Source material>
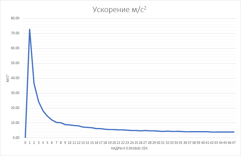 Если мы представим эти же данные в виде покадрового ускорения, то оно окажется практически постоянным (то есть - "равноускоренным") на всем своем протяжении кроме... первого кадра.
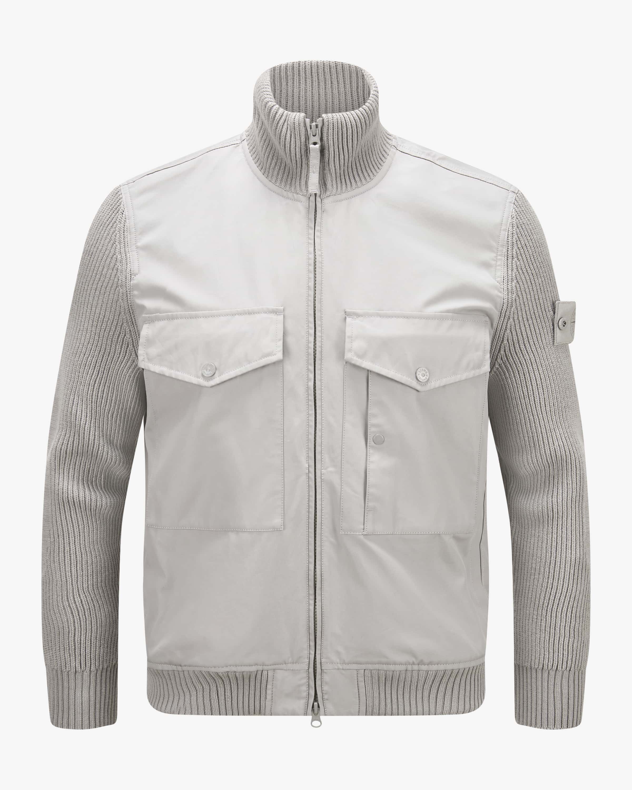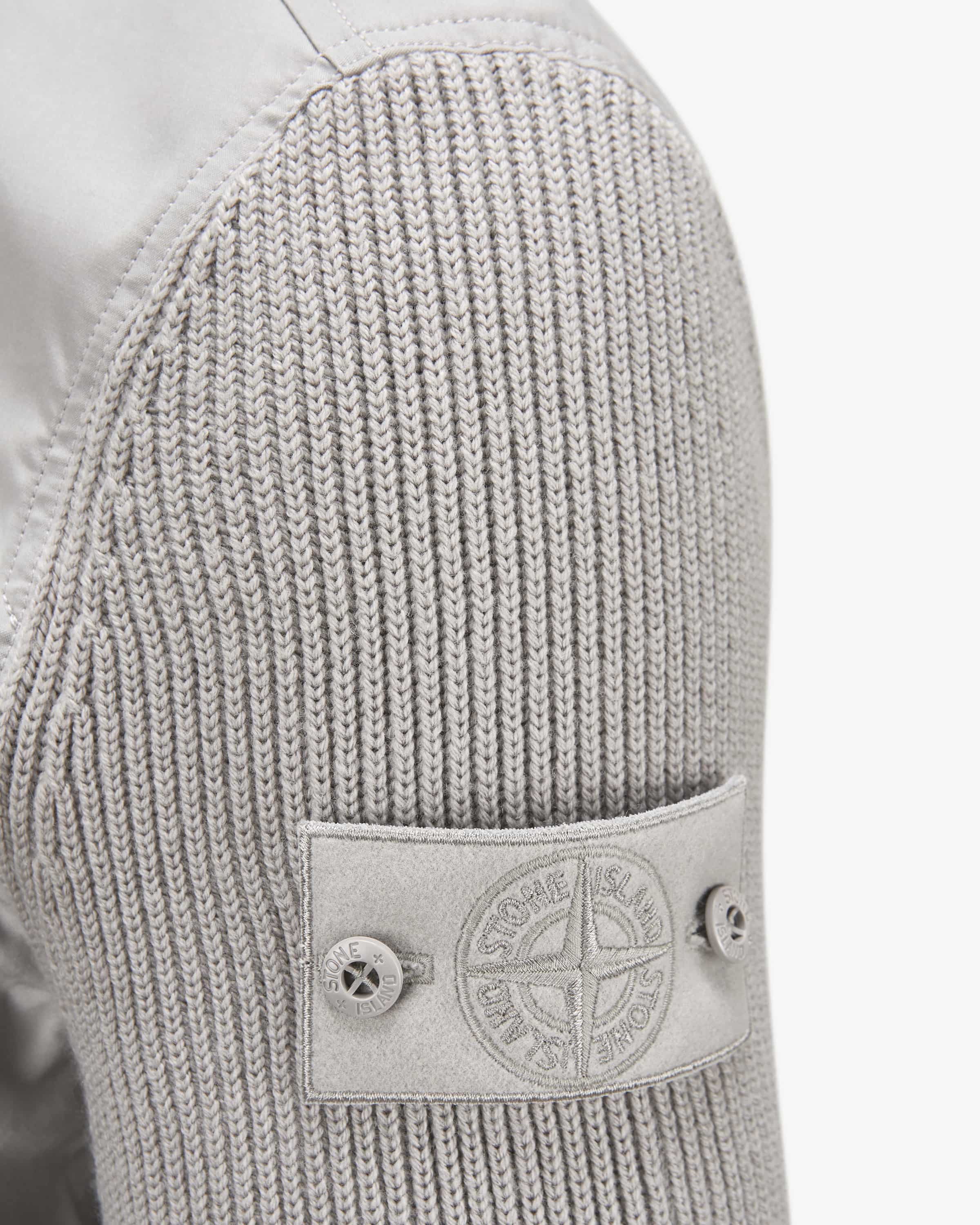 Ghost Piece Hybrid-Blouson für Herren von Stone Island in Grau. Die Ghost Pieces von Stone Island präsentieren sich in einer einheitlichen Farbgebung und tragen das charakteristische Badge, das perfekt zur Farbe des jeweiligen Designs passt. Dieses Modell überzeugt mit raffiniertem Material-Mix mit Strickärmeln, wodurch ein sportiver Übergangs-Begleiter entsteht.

...

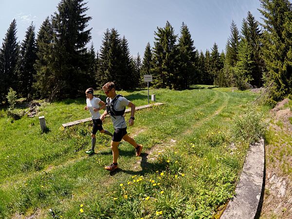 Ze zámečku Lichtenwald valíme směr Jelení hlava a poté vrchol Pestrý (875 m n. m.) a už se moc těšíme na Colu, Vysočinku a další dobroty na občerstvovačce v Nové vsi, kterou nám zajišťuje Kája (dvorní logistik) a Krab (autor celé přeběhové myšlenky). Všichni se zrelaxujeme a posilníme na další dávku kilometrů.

Problem description> Output exactly the lines above, beginning at the one with "Если мы представим" and stopping after the one with "Ghost Piece Hybrid-Blouson". Pictures are to be omitted.

Response to this task>
 Если мы представим эти же данные в виде покадрового ускорения, то оно окажется практически постоянным (то есть - "равноускоренным") на всем своем протяжении кроме... первого кадра.
 Ghost Piece Hybrid-Blouson für Herren von Stone Island in Grau. Die Ghost Pieces von Stone Island präsentieren sich in einer einheitlichen Farbgebung und tragen das charakteristische Badge, das perfekt zur Farbe des jeweiligen Designs passt. Dieses Modell überzeugt mit raffiniertem Material-Mix mit Strickärmeln, wodurch ein sportiver Übergangs-Begleiter entsteht.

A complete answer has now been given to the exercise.